Every line from the one holding "毎年、本校体育館で開催する入" through the last line of the records must be retyped exactly, and no other line or picture may appear in the copy.

Entries taken from a collection:

##############################

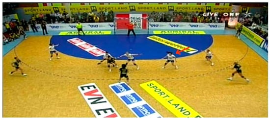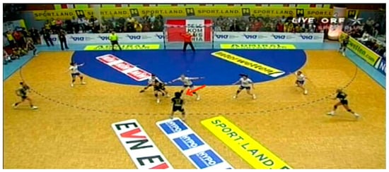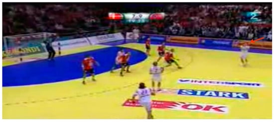 Videos were selected by two handball coaches concerning two different game sequences with increasing difficulty. The situations were related to offensive/defensive sequences in unbalanced conditions of opponents and teammates. The temporal occlusion paradigm was used to stop the sequence before the final action was performed [17,30,31,32]. Athletes were asked to examine the game sequences to anticipate the possible next adequate actions related to a player indicated in the video with a red arrow. Two coaches independently selected videos from international handball competitions and extracted offensive or defensive game sequences. The selection criteria were related to (1) offensive or defensive game sequences, (2) unbalanced conditions of teammates or opponents, and (3) multiple options of available responses. Therefore, two game sequences were selected: the first game sequence was selected from the match played by Hypo Niederösterreic (Austria) vs. Lada Togliatti (Russia) during the 2007/08 Women’s EHF Champions League; the second sequence was selected from the match played by Denmark vs. Norway (i.e., national teams) in the 2008 European Men’s Handball Championship held in Norway. For each game sequence, an offensive and a defensive player was indicated with a red arrow in the frame preceding the final stage. Then, two images of the same video were shown separately to the sampled players, one related to the offensive player and one related to the defensive player (see Figure 1, Figure 2, Figure 3 and Figure 4 for more details). The second video was more complex due to the greater number of potentially available responses.
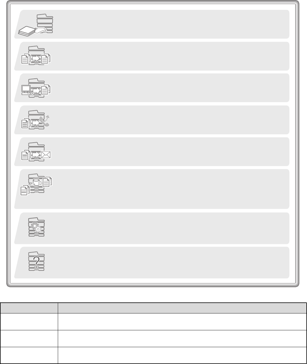 This manual provides easy-to-understand explanations of all the functions of the machine in a single
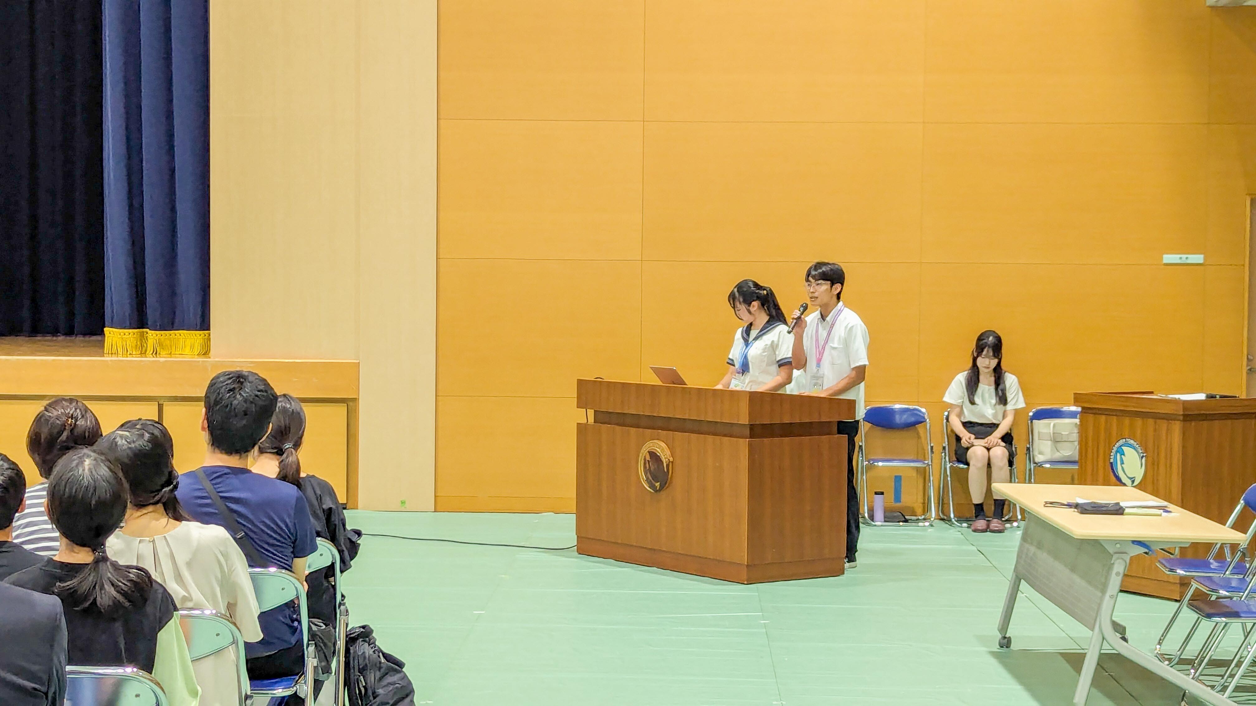 毎年、本校体育館で開催する入試説明会・学校見学会の会場設営を部活動で頑張っている部員たちが手伝ってくれています。体育館のシート敷き、縦横に張られたメジャーに合わせての椅子並べ、また説明会後の撤収作業や清掃まで協力し合ってテキパキと作業をしてくれます。そのお陰で、本校を目指してくれる子どもたちや保護者の皆様を快適な会場でお迎えできることを大変嬉しく思います。他にも、広報ボランティア「チームなとみん」として受付や案内、学校見学で説明してくれたり、全体会で学校紹介をしてくれる生徒もいます。
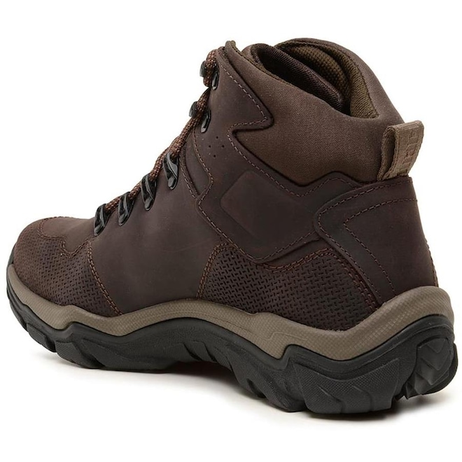 - Solado - Composto por um tapete de borracha com lugs dimensionados para aderência em diversos terrenos, inclusive em terrenos lisos, onde pequenos frisos em seu desenho ajudam no escoamento da agua e garantindo o contato integral no solo. Conta com uma resistência a abrasão de 150mm³, valor este dentro da recomendação para calçados de alto uso.
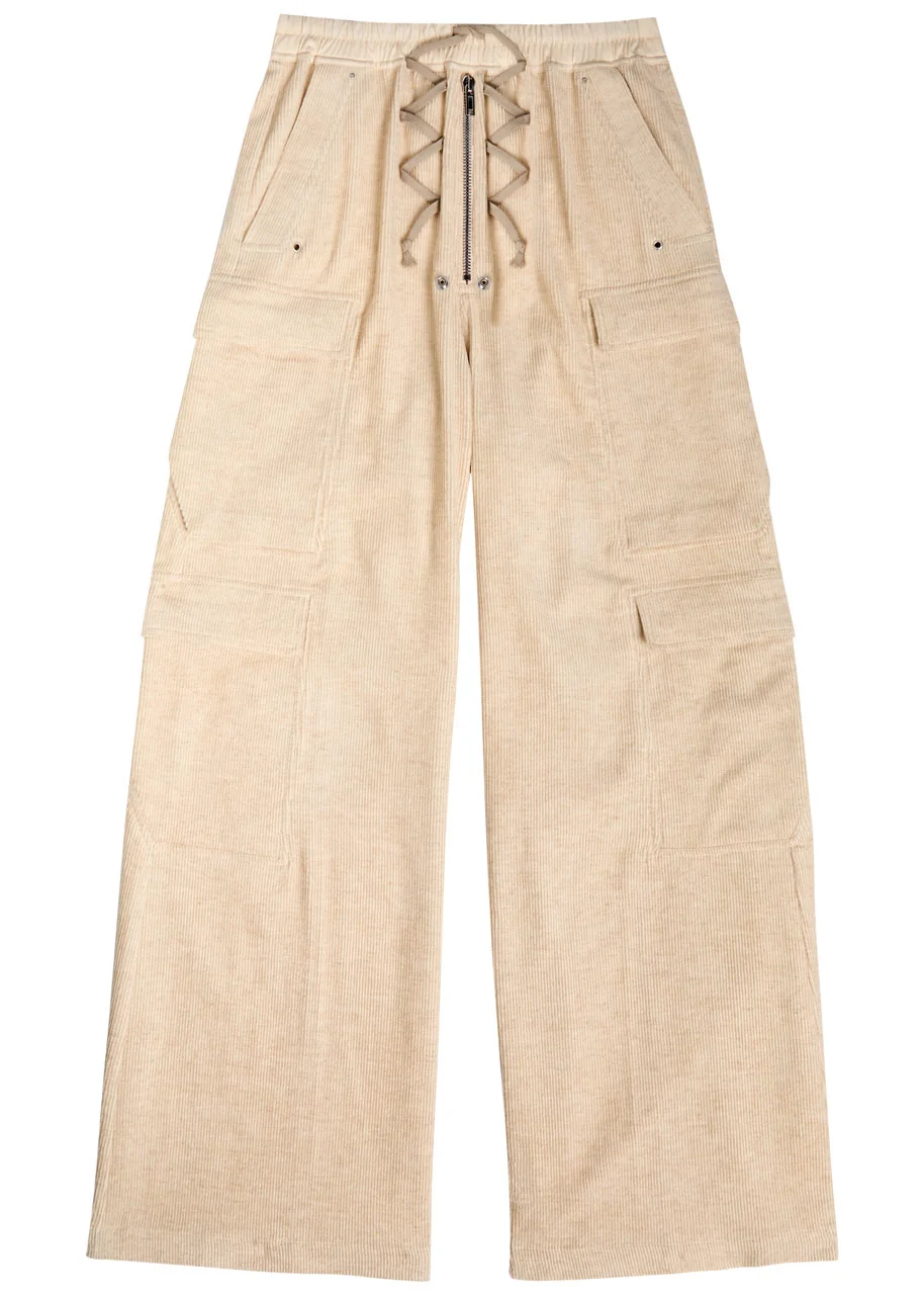 Info & Care Rick Owens;corduroy cargo trousers Elasticated drawstring waistband, zip-fastening fly, side slip pockets, four press-stud fastening front flap pockets, stud and eyelet embellishments, two press-stud fastening back slit pockets Pull on 74% cotton,;26% linen Hand wash Size & Fit Inside leg length: 32 inches/ 81cm Midweight Wide flared-leg cut Model is 6'1"/ 186cm;and wears a size IT48

##############################

• _Response to this exercise_:
 毎年、本校体育館で開催する入試説明会・学校見学会の会場設営を部活動で頑張っている部員たちが手伝ってくれています。体育館のシート敷き、縦横に張られたメジャーに合わせての椅子並べ、また説明会後の撤収作業や清掃まで協力し合ってテキパキと作業をしてくれます。そのお陰で、本校を目指してくれる子どもたちや保護者の皆様を快適な会場でお迎えできることを大変嬉しく思います。他にも、広報ボランティア「チームなとみん」として受付や案内、学校見学で説明してくれたり、全体会で学校紹介をしてくれる生徒もいます。
 - Solado - Composto por um tapete de borracha com lugs dimensionados para aderência em diversos terrenos, inclusive em terrenos lisos, onde pequenos frisos em seu desenho ajudam no escoamento da agua e garantindo o contato integral no solo. Conta com uma resistência a abrasão de 150mm³, valor este dentro da recomendação para calçados de alto uso.
 Info & Care Rick Owens;corduroy cargo trousers Elasticated drawstring waistband, zip-fastening fly, side slip pockets, four press-stud fastening front flap pockets, stud and eyelet embellishments, two press-stud fastening back slit pockets Pull on 74% cotton,;26% linen Hand wash Size & Fit Inside leg length: 32 inches/ 81cm Midweight Wide flared-leg cut Model is 6'1"/ 186cm;and wears a size IT48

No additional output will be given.